Russland

Chruschtschows Geheimrede am 25. Februar 1956

Moskau (n-ost) - Vom 14. bis zum 25. Februar 1956 hielt in Moskau die Kommunistische Partei der Sowjetunion (KPdSU) ihren 20. Parteitag ab. An seinem Beginn und an seinem Ende standen zwei Reden, die die Wirkung eines Sprengsatzes entfalteten, der die kommunistische Welt erschüttern ließ. In beiden Reden ging es um Stalins Herrschaft, und was dabei gesagt wurde, zwang den medizinischen Notdienst, der bei dieser größten Veranstaltung der sowjetischen Millionenpartei natürlich präsent war, zu Schwerstarbeit: Dutzendfach mussten Sanitäter und Ärzte denjenigen der 1355 Delegierten beistehen, deren Herz oder Hirn bei dem radikalen Denkmalssturz des einstigen „Gottes“ Stalin zu streiken drohten.
Dass etwas „in der Luft lag“, merkten die Delegierten bereits bei ihrem Eintreffen: An der Stirnwand des Kongresssaales hing kein Bild von Stalin. Das war ungewöhn¬lich, musste aber noch nichts bedeuten: Seit Stalins Tod am 5. März 1953 hatte eine vorsichtige Lockerung eingesetzt. Damit hätte es Nikita Chruschtschow (1894-1971), seit 1953 neuer Parteichef der KPdSU, gerne bewenden lassen.

Andere aber verlangten radikalere Änderungen, allen voran Anastas Mikojan (1895-1978).
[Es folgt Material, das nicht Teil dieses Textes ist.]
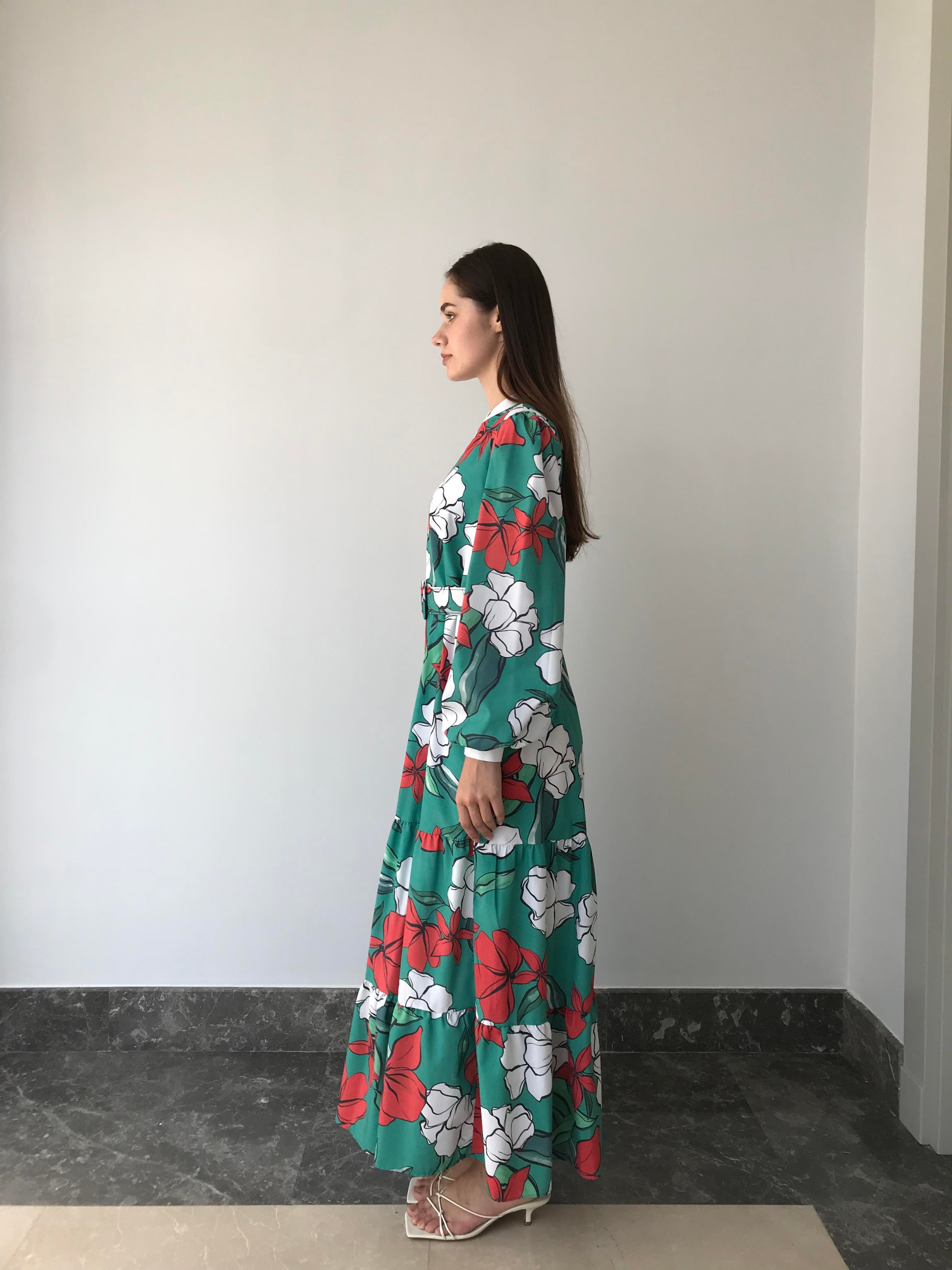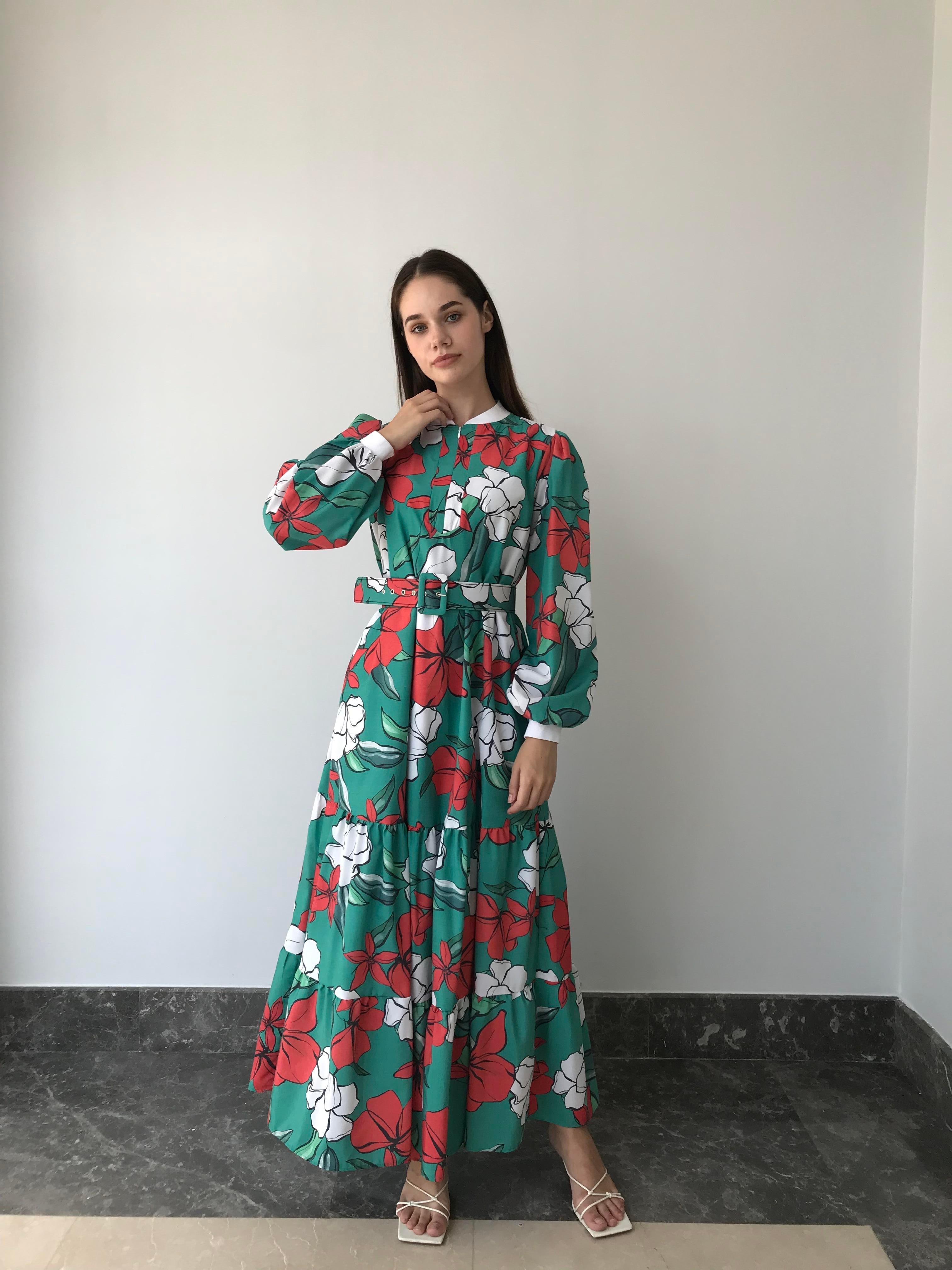 Kemerli Büzgülü Desenli Poplin Elbise Özellikleri:

Mikojan, seit 1935 Mitglied im Politbüro der KPdSU, hatte Stalin in vielen Funktionen treu gedient, in dem Machtkampf nach dessen Tod aber Chruschtschow unterstützt. Kurz vor dem Parteitag hatte er diesen bestürmt, ein klares Wort über die „Verbrechen Stalins“ zu sprechen. Dieser Vorschlag löste im Politbüro nur Entsetzen aus.
Mikojan entschloss sich zur Flucht nach vorn. Bereits am Eröffnungstag ergriff er das Wort zu einer „unerwarteten“ Rede, in welcher der Name Stalin nur ein einziges Mal vorkam, dessen „Verbrechen, Irrtümer, Fehler und Machtmissbrauch“ aber breiten Raum einnahmen. Mikojan hatte hastig gesprochen, mit überschlagender Stimme – als habe er Angst gehabt, „nicht alles sagen zu können, was er sagen wollte“. So berichteten es später Parteitagsdelegierte. Im Saal herrschte während der Rede entsetztes Schweigen, nach ihr große Aufregung – in Gruppen stand man beisammen, besprach das soeben Gehörte.

Die Parteiführung, ebenso überrascht wie der restliche Parteitag, zog sich zurück, um die Lage zu besprechen. Nach langen und lautstarken Debatten beschloss man, Chruschtschow solle zum selben Thema sprechen –„ganz am Ende, auf der letzten Parteitagssitzung.“ Mehr noch: Die Sitzung solle „geschlossen“ verlaufen, die Rede „geheim“ bleiben, keine Diskussion über sie zugelassen werden.

Am 25. Februar schlug dann Chruschtschows Stunde. Er verlas ein 42-seitiges Manuskript „Über den Personenkult und seine Folgen“. „Personenkult“ war nur ein anderes Wort für Stalins Gewaltherrschaft, die nach späteren Berechnungen des Stalin-Biographen Boris Souvarine 100 Millionen direkte und indirekte Opfer gefordert hatte.

Chruschtschow sprach lange über Stalins Eitelkeit, seine Unbildung, seine Stümpereien als Wirtschaftsplaner und vor allem über den blutigen Terror, mit dem Stalin das ganze Land überzogen hatte. Der Redner verlas Briefe, die alt gediente Parteimitglieder aus den Folterkellern der Geheimpolizei vergeblich an Stalin geschickt hatten, er forderte im Saal sitzende Politiker, Generäle und andere auf, „die Wahrheit über Stalin“ zu sagen.
Die Rede wurde eine Sensation, obwohl sich die KPdSU größte Mühe gab, sie vor der Öffentlichkeit zu verbergen. Doch Titos Kommunisten in Jugoslawien, die als einzige noch zu dessen Lebzeiten mit Stalin gebrochen hatten, konnten sich den vollen Text beschaffen und veröffentlichten ihn mit deutlicher Genugtuung. Im Juni zogen die Amerikaner nach und von da ab kannte den Text die ganze Welt.

In den kommunistischen Satellitenstaaten gab es einige politische „Bauernopfer“: In Bulgarien musste Vylko Tscherwenkow, in Ungarn Ernö Gerö gehen. Einige Regimegegner wurden rehabilitiert: In Polen wurde Wladyslaw Gomulka in höchste Ämter zurückgeholt, in der Slowakei konnte der Dichter Laco Novomesky, einer der Führer des slowakischen Nationalaufstands von 1944, das Gefängnis verlassen, in Budapest durfte der Philosoph und Literaturwissenschaftler Georg Lukacs nach langen Verbotsjahren erstmals wieder publizieren.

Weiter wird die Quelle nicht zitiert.